» **EXERCISE DESCRIPTION**
Return nothing but the lines from the one with "Geripptes, figurbetontes Kleid" through the one with "裸芯(A)和带有PTFE衬里及金属编织层的芯(B)" in the data below, word for word and without pictures.

» **STUDY MATERIAL**
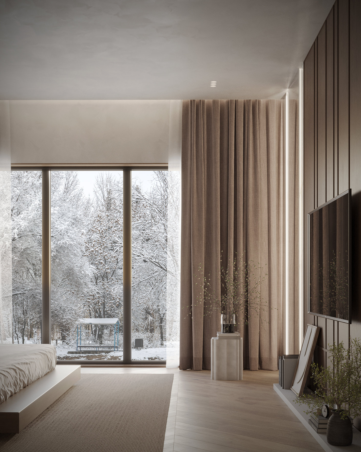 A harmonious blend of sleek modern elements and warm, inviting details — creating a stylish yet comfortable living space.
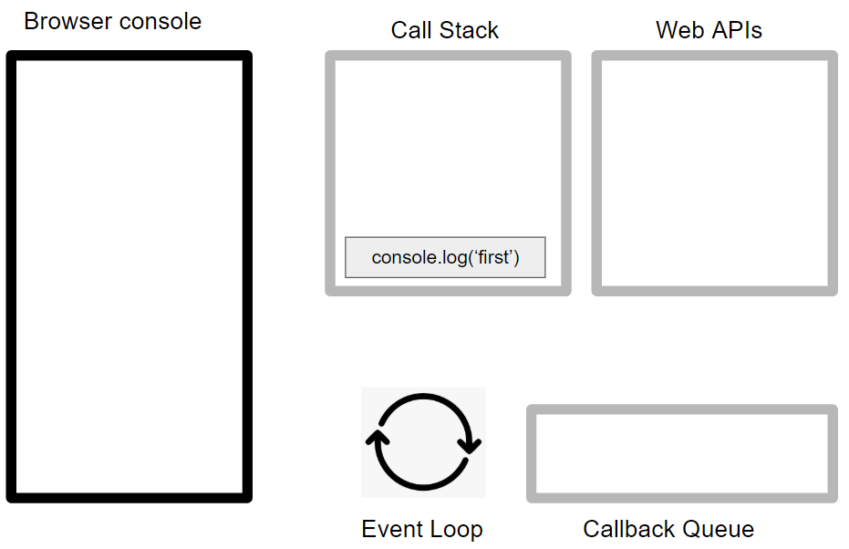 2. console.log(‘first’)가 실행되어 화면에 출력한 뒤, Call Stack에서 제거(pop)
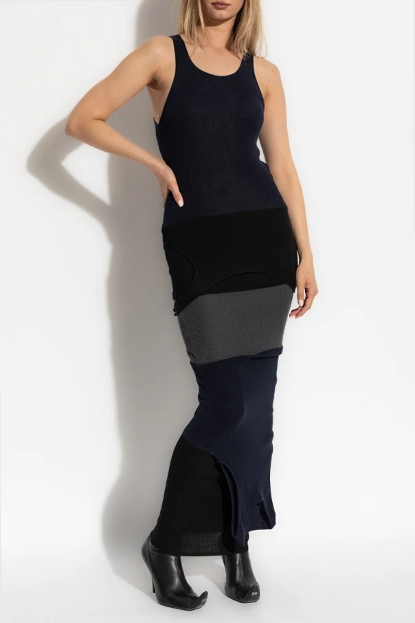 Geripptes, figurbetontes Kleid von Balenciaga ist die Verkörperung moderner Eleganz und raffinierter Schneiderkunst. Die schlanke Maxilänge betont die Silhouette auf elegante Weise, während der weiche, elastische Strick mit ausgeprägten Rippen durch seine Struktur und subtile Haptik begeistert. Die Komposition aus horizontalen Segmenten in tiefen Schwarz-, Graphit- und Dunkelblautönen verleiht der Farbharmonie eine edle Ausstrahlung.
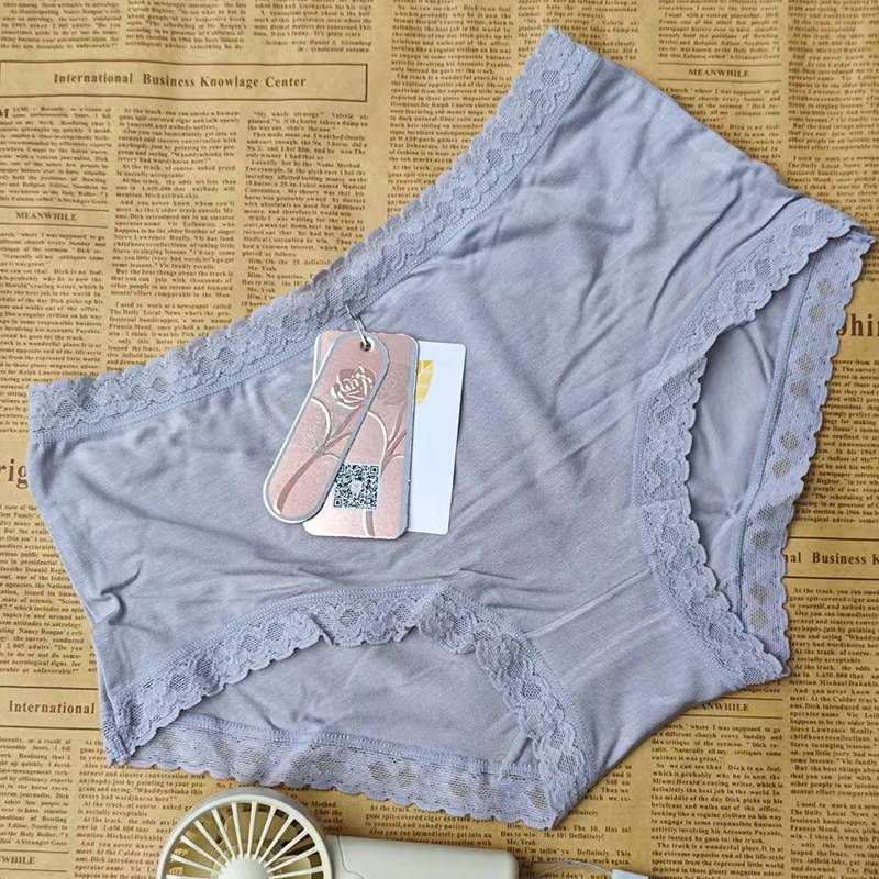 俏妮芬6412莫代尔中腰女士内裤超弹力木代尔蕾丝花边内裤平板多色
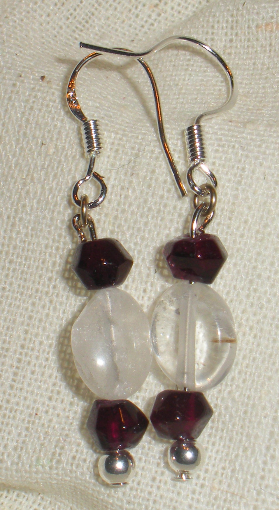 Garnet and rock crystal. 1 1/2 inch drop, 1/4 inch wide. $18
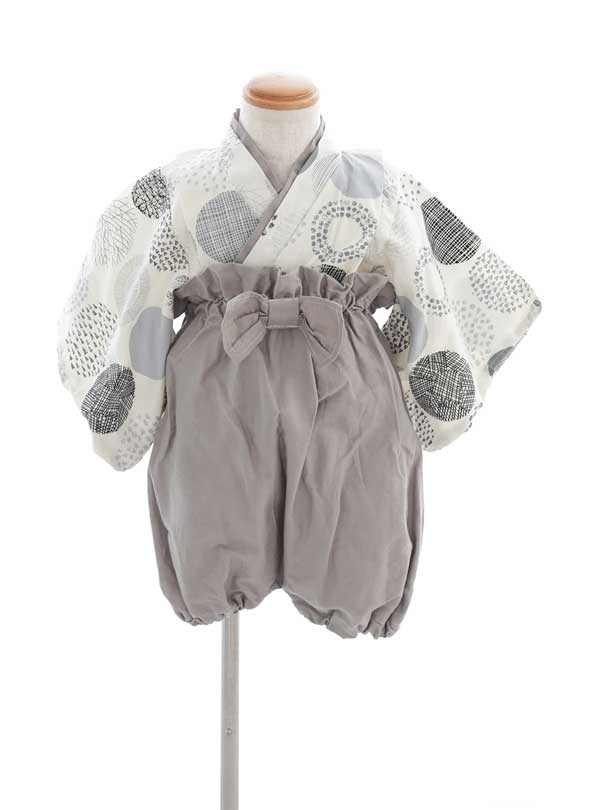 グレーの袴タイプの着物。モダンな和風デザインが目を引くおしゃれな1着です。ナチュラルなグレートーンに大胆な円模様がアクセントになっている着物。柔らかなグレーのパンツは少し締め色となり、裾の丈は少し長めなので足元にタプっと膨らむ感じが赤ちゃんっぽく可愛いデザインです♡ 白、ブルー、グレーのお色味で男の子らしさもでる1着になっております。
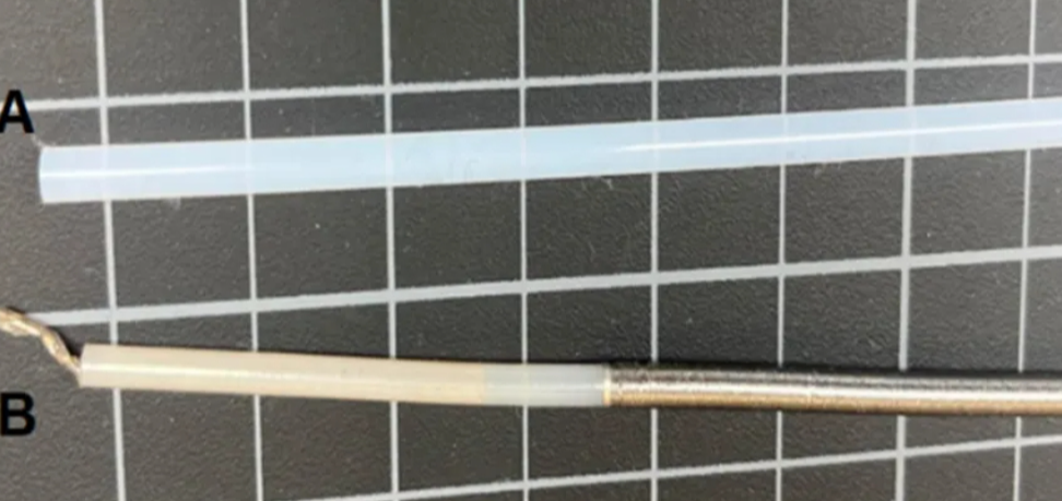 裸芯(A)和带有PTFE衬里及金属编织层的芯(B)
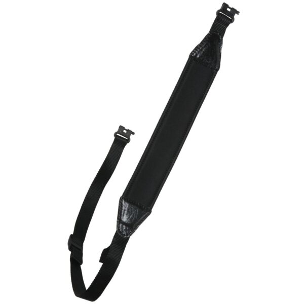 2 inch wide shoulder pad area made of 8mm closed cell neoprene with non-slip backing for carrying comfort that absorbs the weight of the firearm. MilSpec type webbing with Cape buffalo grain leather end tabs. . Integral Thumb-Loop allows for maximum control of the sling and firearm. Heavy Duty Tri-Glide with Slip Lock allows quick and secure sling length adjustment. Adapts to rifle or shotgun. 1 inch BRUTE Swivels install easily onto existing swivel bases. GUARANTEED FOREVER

* * *

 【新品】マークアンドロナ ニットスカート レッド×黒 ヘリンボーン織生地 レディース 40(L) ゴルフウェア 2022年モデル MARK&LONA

» **RESULT**
 Geripptes, figurbetontes Kleid von Balenciaga ist die Verkörperung moderner Eleganz und raffinierter Schneiderkunst. Die schlanke Maxilänge betont die Silhouette auf elegante Weise, während der weiche, elastische Strick mit ausgeprägten Rippen durch seine Struktur und subtile Haptik begeistert. Die Komposition aus horizontalen Segmenten in tiefen Schwarz-, Graphit- und Dunkelblautönen verleiht der Farbharmonie eine edle Ausstrahlung.
 俏妮芬6412莫代尔中腰女士内裤超弹力木代尔蕾丝花边内裤平板多色
 Garnet and rock crystal. 1 1/2 inch drop, 1/4 inch wide. $18
 グレーの袴タイプの着物。モダンな和風デザインが目を引くおしゃれな1着です。ナチュラルなグレートーンに大胆な円模様がアクセントになっている着物。柔らかなグレーのパンツは少し締め色となり、裾の丈は少し長めなので足元にタプっと膨らむ感じが赤ちゃんっぽく可愛いデザインです♡ 白、ブルー、グレーのお色味で男の子らしさもでる1着になっております。
 裸芯(A)和带有PTFE衬里及金属编织层的芯(B)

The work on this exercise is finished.